United, Delta cut ties to NRA as boycott movement spreads
Airlines, car rental agencies, banks end NRA discounts.
Delta and United — two of the largest airlines in the world — have joined a growing list of companies cutting ties with the National Rifle Association amid a growing boycott movement inspired by the Feb. 14 massacre at Marjory Stoneman Douglas High School with a legally purchased AR-15 rifle.
Without context, the airlines’ twin announcements Saturday morning might look trivial: The end of a discount program for NRA members, which few outside the gun rights organization likely knew existed before the boycott efforts.
But because they follow similar announcements by car rental giants Avis, Hertz and Enterprise, the Best Western hotel chain, the global insurance company MetLife, and more than a dozen other corporations that used to contract, partner or otherwise affiliate with the NRA, the airline’s move is the latest victory for the #BoycottNRA movement — and the latest bad omen for a gun rights lobby that had seemed untouchable less than two weeks ago.
The speed with which the companies have abandoned the NRA is also a testament to how abruptly the school shooting in Parkland, Florida, has disrupted U.S. gun culture.

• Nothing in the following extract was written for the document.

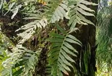 苏铁蕨是乌毛蕨科苏铁蕨属植物。根状茎粗壮,木质,直立圆柱状,直径达15厘米或更粗,高达1.5米或过之;鳞片红棕色或深棕色,有光泽,线状狭长披针形。叶簇生,叶柄禾秆色至深禾秆色,光滑或下部略粗糙,…全部>>

Hours before the airline reversed itself Saturday, a Delta spokesman had defended its discount for NRA members traveling to the group’s convention in May. In a statement to the liberal outlet ThinkProgress, the spokesman had called the contract “routine” for large groups, adding that it “has more than 2,000 such contracts in place.”
The NRA claims 5 million members, takes in tens of millions of dollars each year through memberships, and devotes massive resources to fighting gun regulations in the name of constitutional protections that guarantee Americans the right to bear arms.
The group has faced public anger before — after the massacre of schoolchildren at Sandy Hook Elementary in 2012, for example. But it has always fought back against pushes for gun-law reforms, and efforts to significantly restrict firearms inevitably die out as public fury over the shootings ebbs.
But outrage over the Parkland shooting — sustained in part by politically active teenagers who survived the massacre — has shown no signs of dying out. Police say a former student killed 17 people with a legally purchased semiautomatic rifle, one of at least 10 guns he owned.
As calls for gun control have spread, the NRA has increasingly become a target of activists, with social media hashtags urging boycotts of any corporation found to be linked with it.
Delta and United are the latest to submit to the pressure.